▸ Given material:
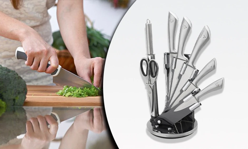 Uživajte u još lakšoj pripremi hrane zahvaljujući Royalty Line 8 u 1 setu noževa od nerđajućeg čelika. Ovaj set sa akrilnim postoljem, modernim i praktičnim za upotrebu savršeno će se uklopiti u vašu kuhinju, a može biti vaš za samo 2.799 dinara kupovinom na gruppi.rs.
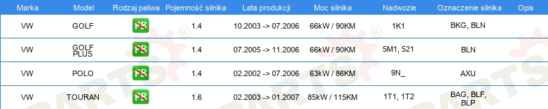 Informacje o części
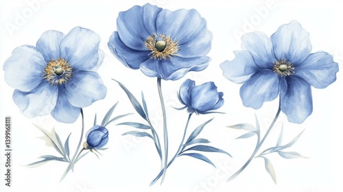 poppy, flower, blue, watercolor, floral, botanical, bloom, blossom, stem, leaf, foliage, white, background, isolated, nature, plant, spring, summer, delicate, elegant, soft, gentle, light, airy, hand-painted, artwork, drawing, decorative, invitation, greeting, surface, texture

▸ Exercise details: Output the lines of the data exactly, starting at the first and ending with the line that has "Informacje o części". Pictures are not part of it.

▸ Exercise response:
 Uživajte u još lakšoj pripremi hrane zahvaljujući Royalty Line 8 u 1 setu noževa od nerđajućeg čelika. Ovaj set sa akrilnim postoljem, modernim i praktičnim za upotrebu savršeno će se uklopiti u vašu kuhinju, a može biti vaš za samo 2.799 dinara kupovinom na gruppi.rs.
 Informacje o części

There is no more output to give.